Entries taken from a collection
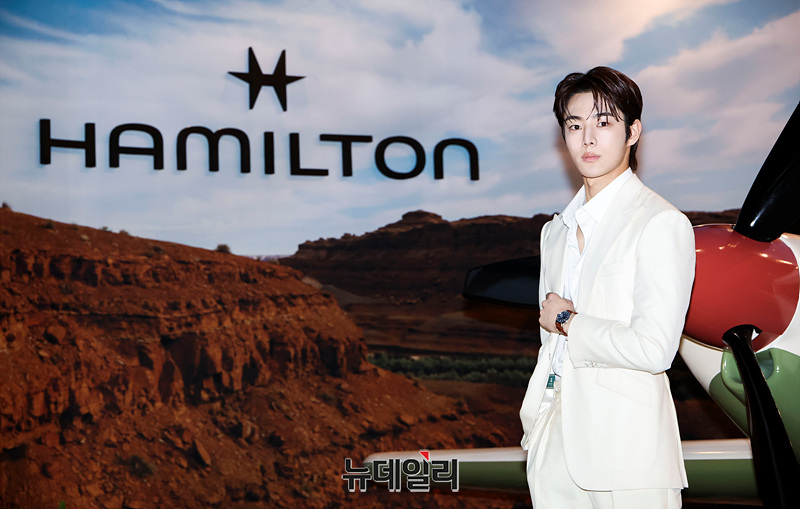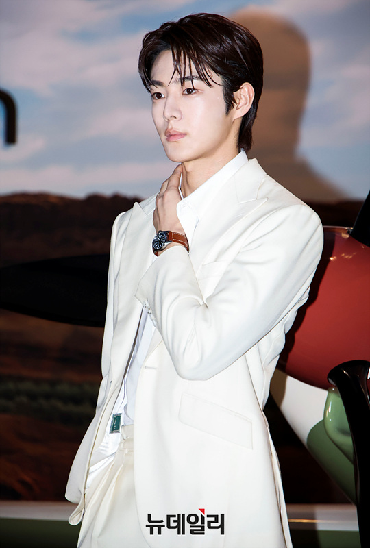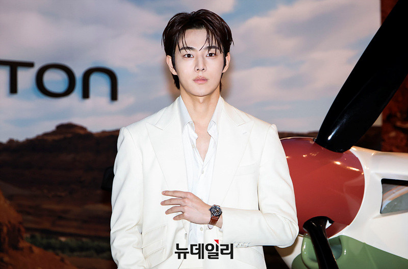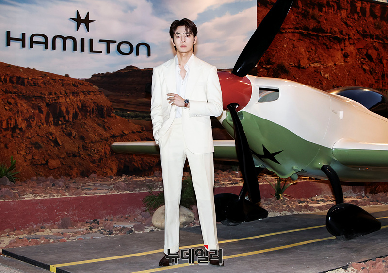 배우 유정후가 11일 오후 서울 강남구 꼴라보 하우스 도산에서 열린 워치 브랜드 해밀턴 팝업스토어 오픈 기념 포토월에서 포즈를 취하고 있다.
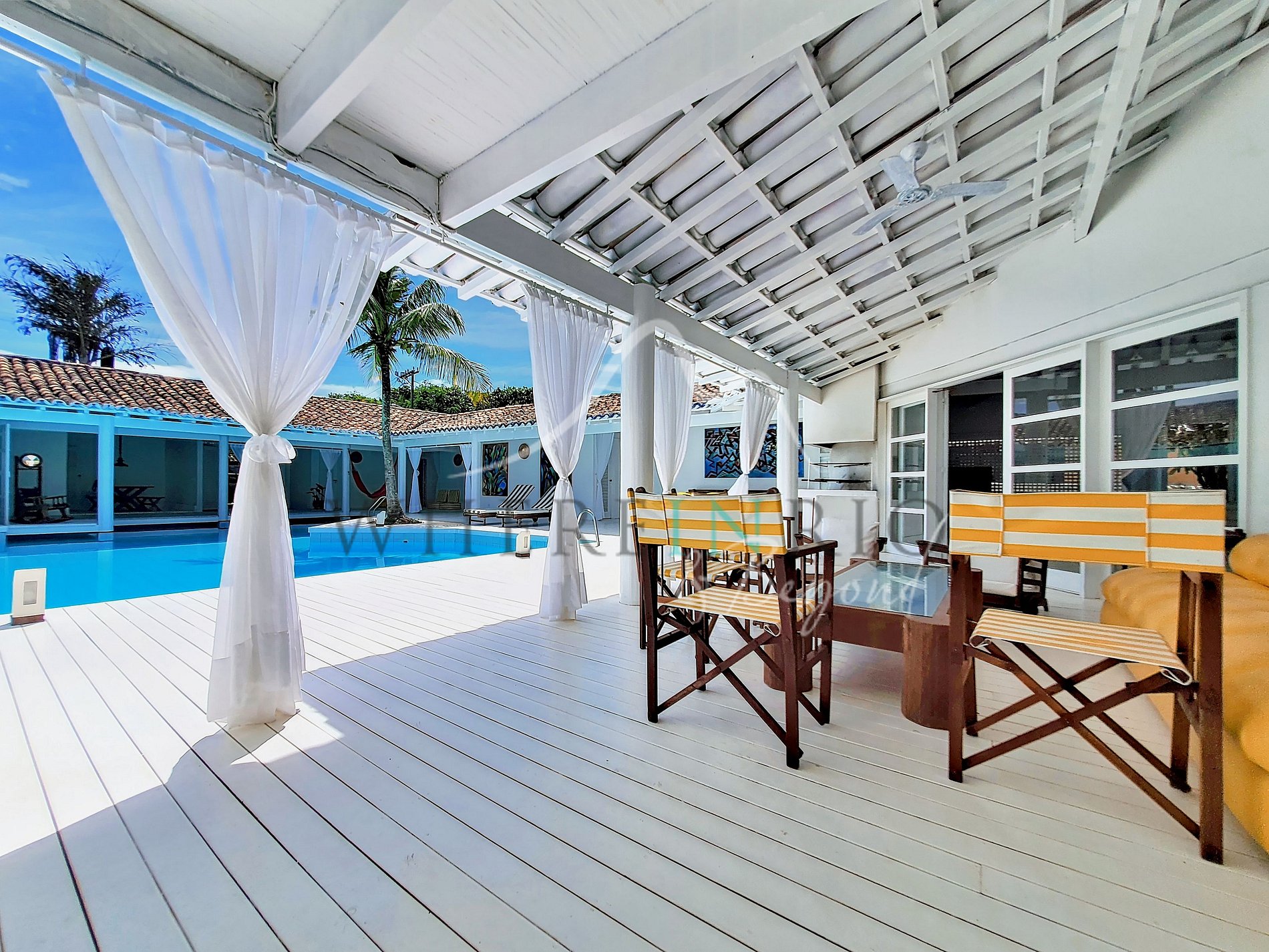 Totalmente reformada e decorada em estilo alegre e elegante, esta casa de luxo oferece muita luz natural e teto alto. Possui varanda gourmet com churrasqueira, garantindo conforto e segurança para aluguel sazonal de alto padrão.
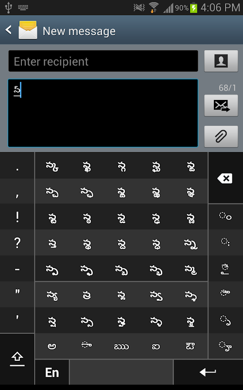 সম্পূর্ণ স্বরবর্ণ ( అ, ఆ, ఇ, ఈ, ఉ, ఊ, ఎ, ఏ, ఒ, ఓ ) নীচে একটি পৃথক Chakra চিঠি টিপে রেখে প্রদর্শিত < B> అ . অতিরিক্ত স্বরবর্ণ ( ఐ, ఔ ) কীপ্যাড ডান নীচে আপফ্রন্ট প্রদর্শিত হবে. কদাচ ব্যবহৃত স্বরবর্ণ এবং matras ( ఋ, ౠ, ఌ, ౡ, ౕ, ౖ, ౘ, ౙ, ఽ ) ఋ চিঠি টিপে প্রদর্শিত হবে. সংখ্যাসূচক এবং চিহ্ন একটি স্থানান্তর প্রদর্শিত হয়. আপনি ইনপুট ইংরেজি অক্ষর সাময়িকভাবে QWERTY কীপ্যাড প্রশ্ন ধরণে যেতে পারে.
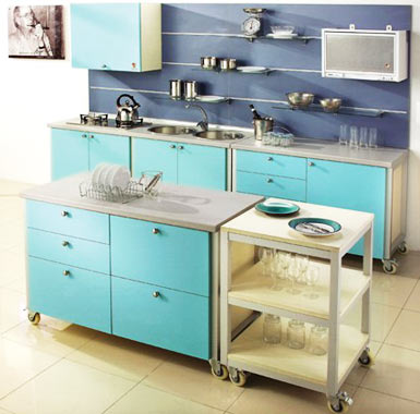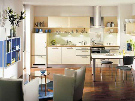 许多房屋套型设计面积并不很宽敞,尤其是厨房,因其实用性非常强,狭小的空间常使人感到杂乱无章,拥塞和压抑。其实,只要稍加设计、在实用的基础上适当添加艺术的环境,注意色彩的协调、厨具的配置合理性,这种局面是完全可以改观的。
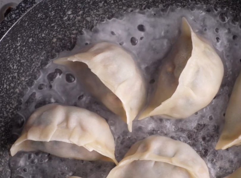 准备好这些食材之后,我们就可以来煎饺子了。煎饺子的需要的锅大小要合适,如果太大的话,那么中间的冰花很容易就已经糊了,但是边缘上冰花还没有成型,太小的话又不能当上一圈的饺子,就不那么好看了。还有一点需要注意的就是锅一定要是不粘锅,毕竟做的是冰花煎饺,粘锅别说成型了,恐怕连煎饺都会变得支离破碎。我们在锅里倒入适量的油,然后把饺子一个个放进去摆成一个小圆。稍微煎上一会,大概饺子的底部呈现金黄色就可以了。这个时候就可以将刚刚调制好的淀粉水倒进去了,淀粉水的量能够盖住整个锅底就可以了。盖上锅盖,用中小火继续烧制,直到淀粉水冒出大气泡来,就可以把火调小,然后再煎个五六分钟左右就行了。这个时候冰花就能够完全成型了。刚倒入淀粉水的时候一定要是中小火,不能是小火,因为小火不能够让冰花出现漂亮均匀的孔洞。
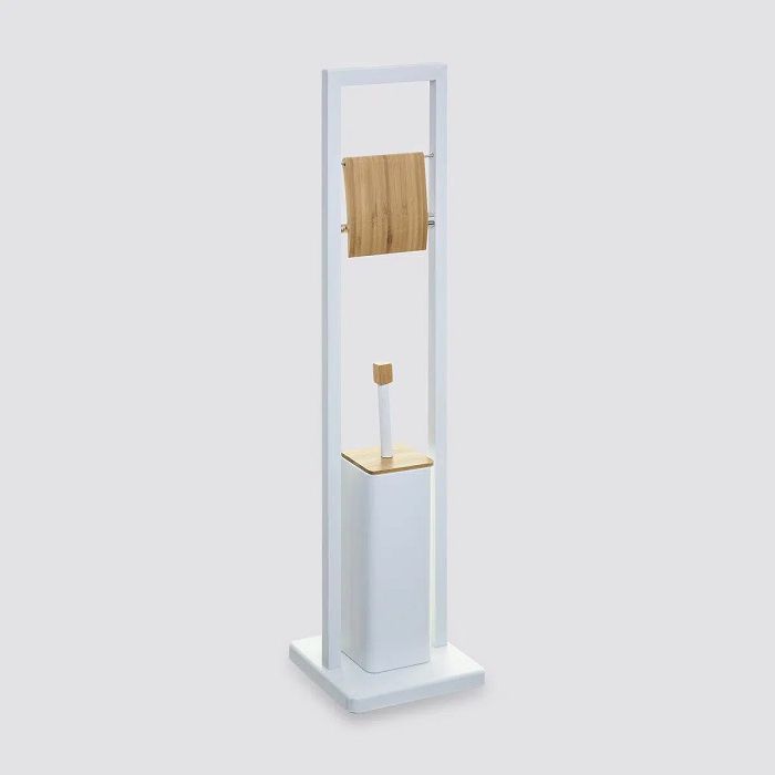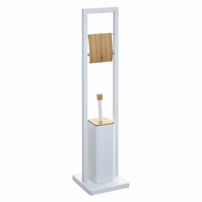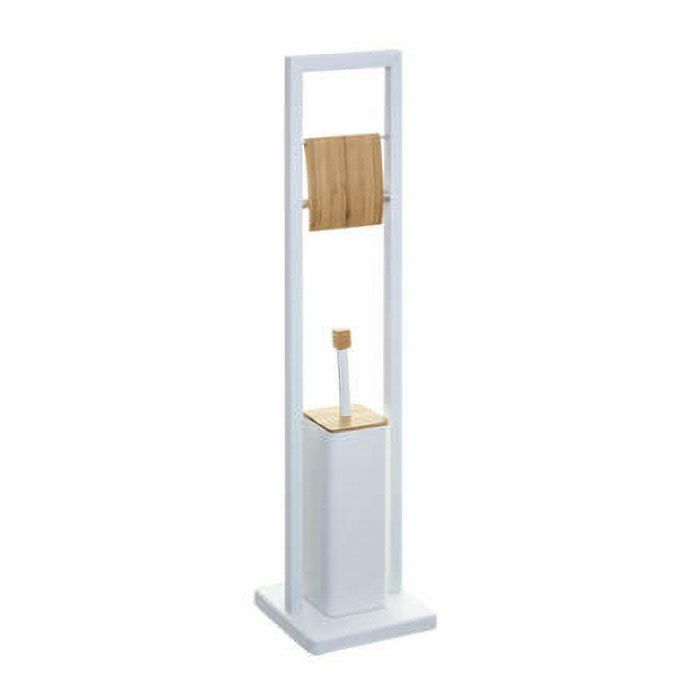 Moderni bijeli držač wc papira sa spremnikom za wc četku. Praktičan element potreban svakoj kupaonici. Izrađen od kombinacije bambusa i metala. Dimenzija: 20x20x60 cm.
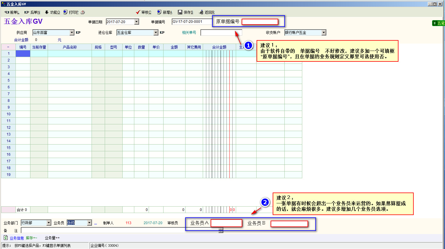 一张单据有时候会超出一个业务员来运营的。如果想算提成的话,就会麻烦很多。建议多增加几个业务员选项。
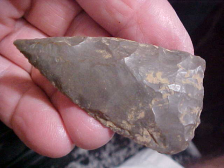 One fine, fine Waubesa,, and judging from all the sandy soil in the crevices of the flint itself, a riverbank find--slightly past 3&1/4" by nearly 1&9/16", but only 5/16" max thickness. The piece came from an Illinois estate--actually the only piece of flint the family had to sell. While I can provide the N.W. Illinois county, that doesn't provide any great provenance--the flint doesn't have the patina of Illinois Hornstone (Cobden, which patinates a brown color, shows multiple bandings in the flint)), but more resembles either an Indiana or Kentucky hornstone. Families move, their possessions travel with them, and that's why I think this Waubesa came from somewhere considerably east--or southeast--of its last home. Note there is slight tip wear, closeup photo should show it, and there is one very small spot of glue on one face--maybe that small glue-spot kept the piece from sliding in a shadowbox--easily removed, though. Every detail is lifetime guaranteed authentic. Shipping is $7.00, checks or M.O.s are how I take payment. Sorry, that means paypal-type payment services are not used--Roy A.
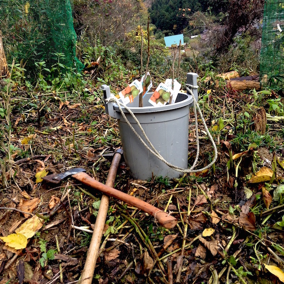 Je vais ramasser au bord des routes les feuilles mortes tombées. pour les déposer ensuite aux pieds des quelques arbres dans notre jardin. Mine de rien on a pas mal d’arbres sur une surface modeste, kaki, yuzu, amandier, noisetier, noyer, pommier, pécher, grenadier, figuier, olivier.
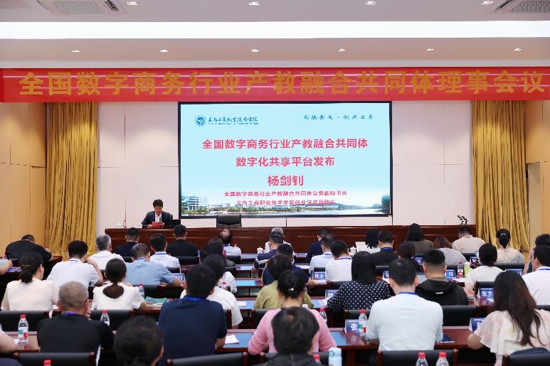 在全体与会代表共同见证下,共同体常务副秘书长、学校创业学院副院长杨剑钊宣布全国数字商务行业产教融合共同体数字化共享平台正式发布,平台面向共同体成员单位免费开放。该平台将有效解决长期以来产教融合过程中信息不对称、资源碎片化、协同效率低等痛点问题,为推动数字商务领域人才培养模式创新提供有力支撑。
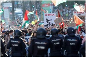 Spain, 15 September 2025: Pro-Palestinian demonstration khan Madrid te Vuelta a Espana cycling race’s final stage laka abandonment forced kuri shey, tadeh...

→ Problem description
Transcribe only this stretch of the data: the line with "一张单据有时候会超出一个业务", the line with "One fine, fine", and every line in between. Leave out the pictures.

→ Expected output
 一张单据有时候会超出一个业务员来运营的。如果想算提成的话,就会麻烦很多。建议多增加几个业务员选项。
 One fine, fine Waubesa,, and judging from all the sandy soil in the crevices of the flint itself, a riverbank find--slightly past 3&1/4" by nearly 1&9/16", but only 5/16" max thickness. The piece came from an Illinois estate--actually the only piece of flint the family had to sell. While I can provide the N.W. Illinois county, that doesn't provide any great provenance--the flint doesn't have the patina of Illinois Hornstone (Cobden, which patinates a brown color, shows multiple bandings in the flint)), but more resembles either an Indiana or Kentucky hornstone. Families move, their possessions travel with them, and that's why I think this Waubesa came from somewhere considerably east--or southeast--of its last home. Note there is slight tip wear, closeup photo should show it, and there is one very small spot of glue on one face--maybe that small glue-spot kept the piece from sliding in a shadowbox--easily removed, though. Every detail is lifetime guaranteed authentic. Shipping is $7.00, checks or M.O.s are how I take payment. Sorry, that means paypal-type payment services are not used--Roy A.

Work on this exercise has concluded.